Human Rights Watch has slammed Hungary’s newly-passed constitution for being anti-gay and ‘enshrining discrimination’.

The social conservative constitution was passed on Monday by a vote of 262 to 44, with 1 abstention.

It includes provisions that could lead to discrimination against women, lesbian, gay, bisexual, and transgender (LGBT) people, and people with disabilities, Human Rights Watch said.

“The ruling Fidesz members of Parliament pushed through a constitution that puts Hungary at odds with its obligation to uphold and respect human rights,” said Amanda McRae from Human Rights Watch.

The constitution includes restrictions on the right to vote for people with “limited mental ability” and a right to life for the foetus from the moment of conception, which could lead to the overturning of Hungary’s abortion law.

The constitution also defines marriage as between a man and a woman, effectively banning same-sex marriage, while implying that a family based on marriage is the only type protected by the state.

“This denies LGBT people access to state protection for their families and relationships, and is inconsistent with Hungary’s obligations under the European Convention on Human Rights and the European Union Charter on Fundamental Rights,” said Human Rights Watch.

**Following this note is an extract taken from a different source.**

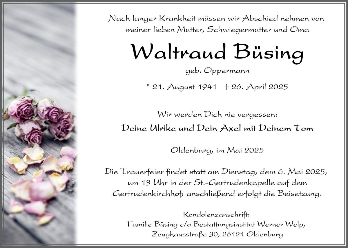 in dieser Zeit des Schmerzes wünschen wir Ihnen Kraft, den Verlust im Kreise Ihrer Liebsten zu verarbeiten. Als Zeichen unserer Anteilnahme und des Gedenkens entzünden wir dieses erste Licht. Möge diese Gedenkseite Ihnen helfen, Erinnerungen zu teilen und so das Andenken gemeinsam wachzuhalten.

The constitution must be signed by the presidency before it becomes law but Human Rights Watch urged Present Pál Schmitt to refer the law back to parliament for reconsideration.

“The Hungarian government’s commitment to human rights has already been called into serious question because of the deeply negative trends in media freedoms and the rights of minorities and migrants,” McRae said.

“If it goes through as is, the new constitution would add state-sanctioned discrimination against women, LGBT people, and people with disabilities to the list of human rights concerns.”